* _Directions for this task_
With the images left out, print all of the records below exactly.

* _Data_

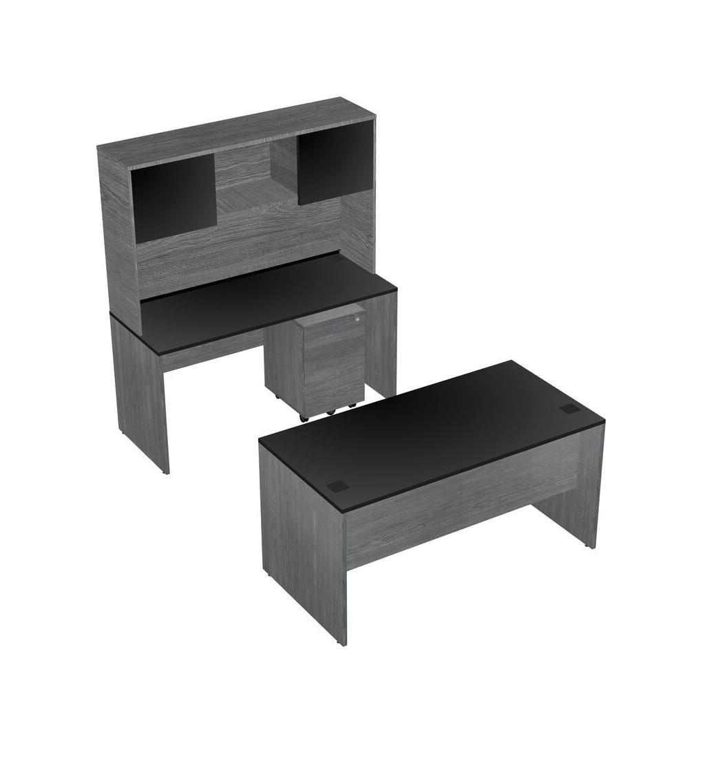 Office Parallel Desk Credenza Desk + Wooden Mobile Drawers + Hutch
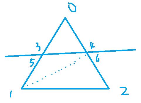2. 三角形与切割平面有两个交点,两个交点都在边上。这时,原有的三角形将被分成三个三角形,分别为:034、561、126。
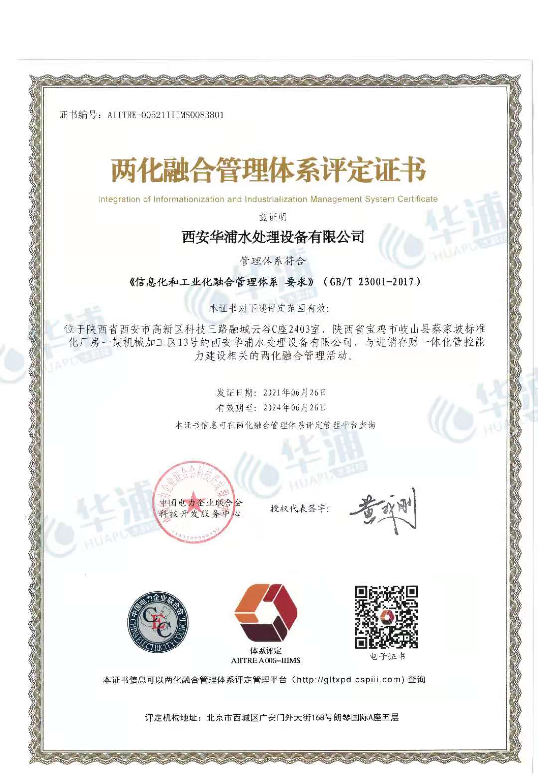 兩化融合管理體系評定證書
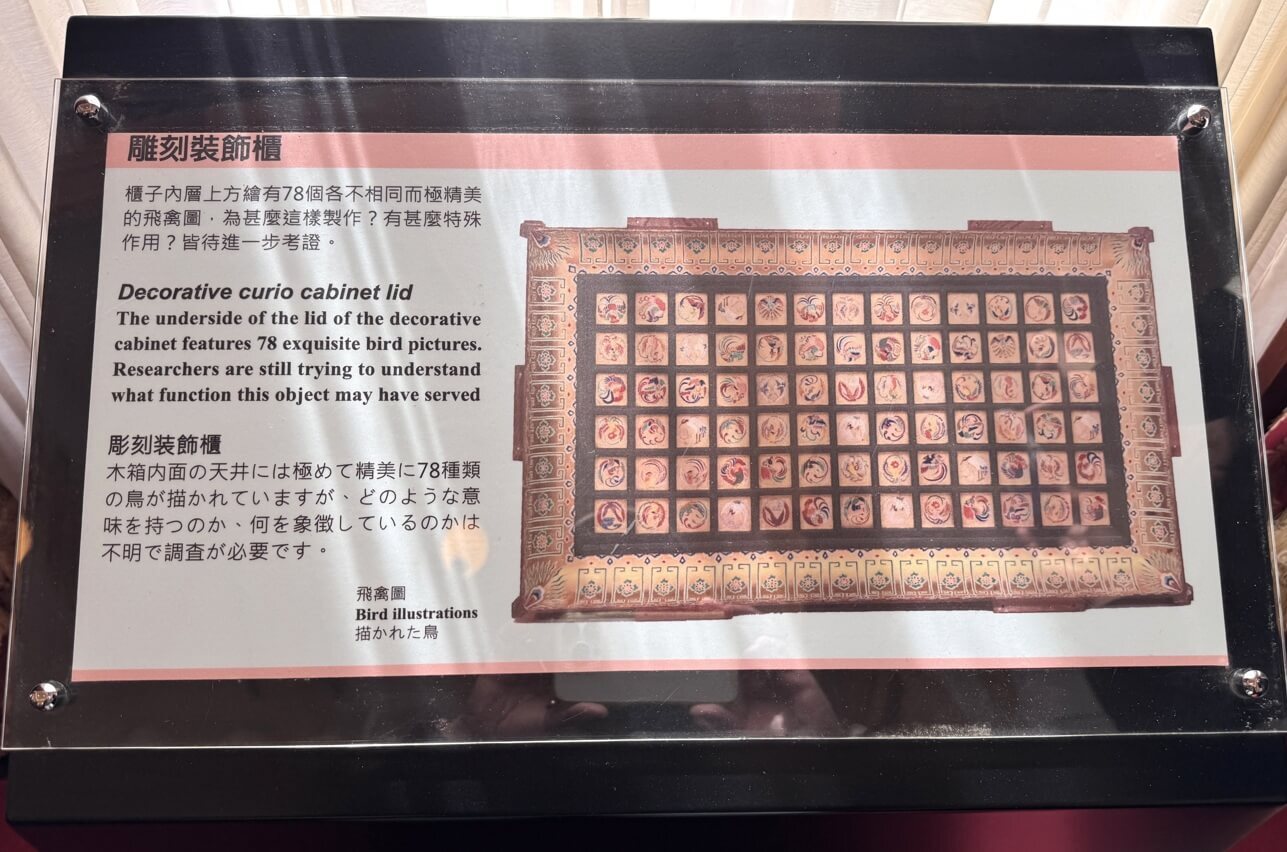 ↓剛剛從側面看到的「飛禽圖」,共有78種極為精美的不同飛禽圖案。至於其目的及作用,則尚待考證。
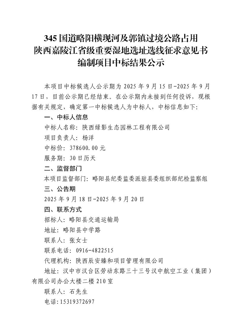 内容概述 | 345国道略阳横现河及郭镇过境公路占用陕西嘉陵江省级重要湿地选址选线征求意见书编制项目中标结果公示 |
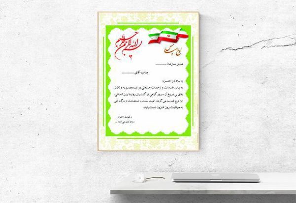 لوح تقدیر اداری طرح شکیل به صورت لایه باز – دانلود طرح آماده از لوح سپاس یا تقدیر نامه شرکتی psd با امکان ویرایش و تغییر آن
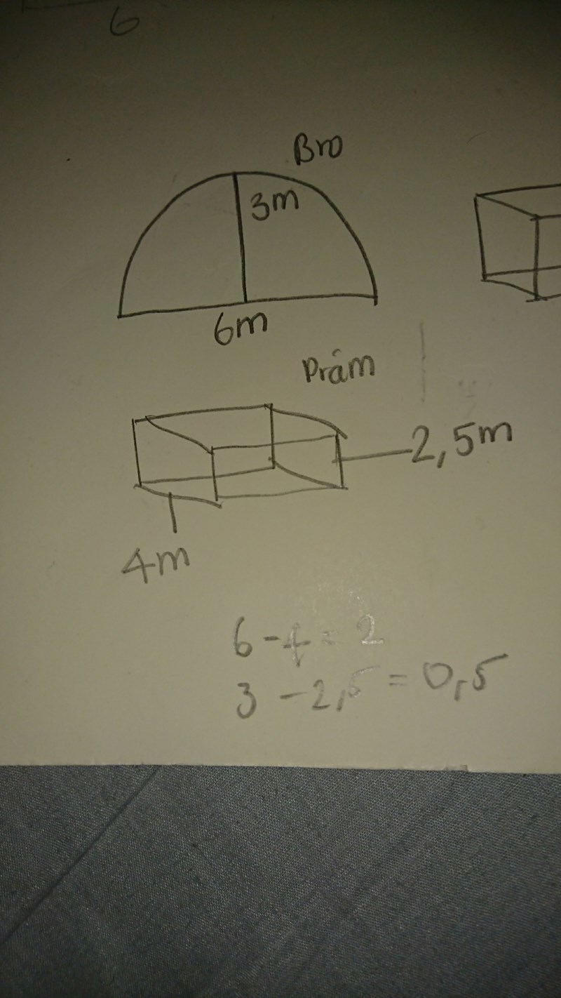 Bron är 3 m hög där den är som högst. Men vid pråmens sidor (vi antar att pråmen går mitt i broöppningen) är den lägre. Rita in pråmen som en rektangel i halvcirkeln så ser du. Du måste använda Pythagoras sats på en lämplig triangel som du ritar in.
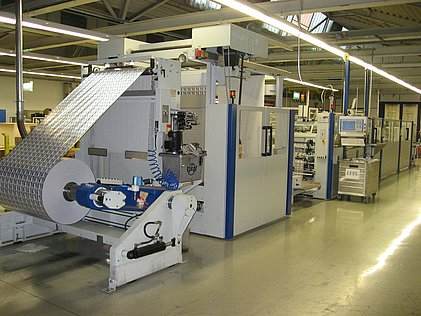 Applying an adhesive on the foil material and attaching a second reel material such as foil, film or paper laminates are produced (e.g. alu/paper, alu/film) as they are used for confectionery. Repeating this process with an already produced laminate multi layer materials are produced (e.g. alu/paper/alu) as they are used for butter wrappers or waffle foil. At Teich following laminating technologies are available: dry lamination, wet lamination and wax lamination.
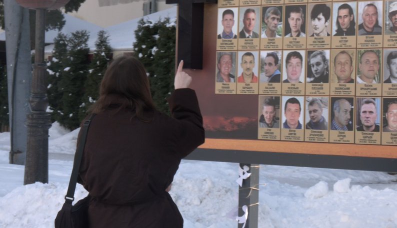 Ірина біля пам’ятного фотостенду “Герої Небесної Сотні” у Луцьку. Суспільне Луцьк
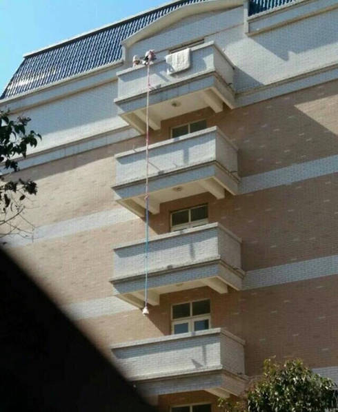 2017年3月2日,在河南工業大學一女生樓出現了這么一幕:兩名女生從6樓垂下長長的“繩索”把外賣大媽送來的外賣小心翼翼吊上來。仔細一看,這條“繩索”不簡單,是用近10條床單、被單拼接而成。有網友稱:為了省下爬樓的力氣,真是費盡了心血啊。來源:遼沈晚報
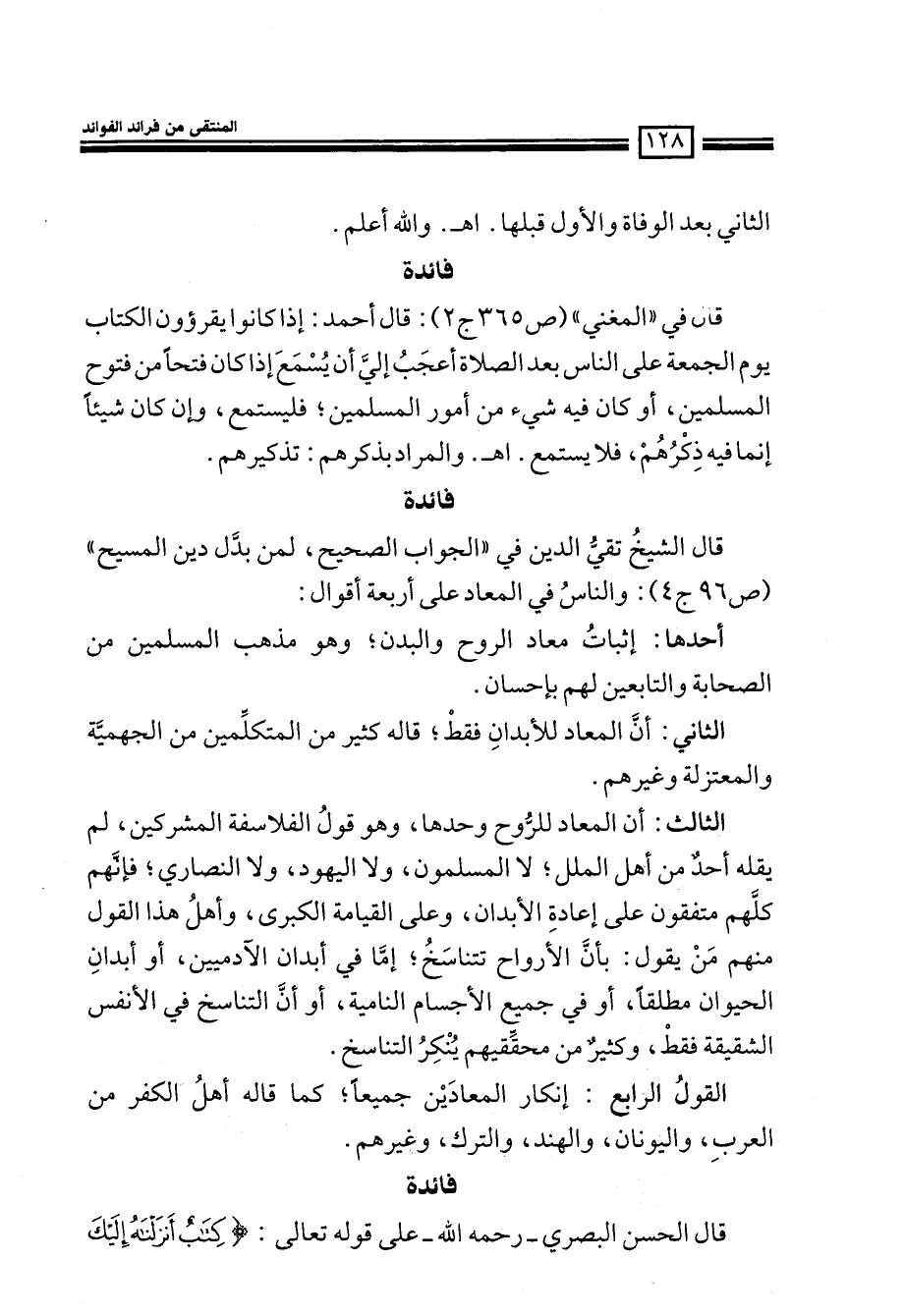 قال الشيخ تقي الدين في ((الجواب الصحيح، لمن بدل دين المسيح)) (ص96ج4) : والناس في المعاد على أربعة أقوال:

* _Output_
 Office Parallel Desk Credenza Desk + Wooden Mobile Drawers + Hutch
2. 三角形与切割平面有两个交点,两个交点都在边上。这时,原有的三角形将被分成三个三角形,分别为:034、561、126。
 兩化融合管理體系評定證書
 ↓剛剛從側面看到的「飛禽圖」,共有78種極為精美的不同飛禽圖案。至於其目的及作用,則尚待考證。
 内容概述 | 345国道略阳横现河及郭镇过境公路占用陕西嘉陵江省级重要湿地选址选线征求意见书编制项目中标结果公示 |
 لوح تقدیر اداری طرح شکیل به صورت لایه باز – دانلود طرح آماده از لوح سپاس یا تقدیر نامه شرکتی psd با امکان ویرایش و تغییر آن
 Bron är 3 m hög där den är som högst. Men vid pråmens sidor (vi antar att pråmen går mitt i broöppningen) är den lägre. Rita in pråmen som en rektangel i halvcirkeln så ser du. Du måste använda Pythagoras sats på en lämplig triangel som du ritar in.
 Applying an adhesive on the foil material and attaching a second reel material such as foil, film or paper laminates are produced (e.g. alu/paper, alu/film) as they are used for confectionery. Repeating this process with an already produced laminate multi layer materials are produced (e.g. alu/paper/alu) as they are used for butter wrappers or waffle foil. At Teich following laminating technologies are available: dry lamination, wet lamination and wax lamination.
 Ірина біля пам’ятного фотостенду “Герої Небесної Сотні” у Луцьку. Суспільне Луцьк
 2017年3月2日,在河南工業大學一女生樓出現了這么一幕:兩名女生從6樓垂下長長的“繩索”把外賣大媽送來的外賣小心翼翼吊上來。仔細一看,這條“繩索”不簡單,是用近10條床單、被單拼接而成。有網友稱:為了省下爬樓的力氣,真是費盡了心血啊。來源:遼沈晚報
 قال الشيخ تقي الدين في ((الجواب الصحيح، لمن بدل دين المسيح)) (ص96ج4) : والناس في المعاد على أربعة أقوال:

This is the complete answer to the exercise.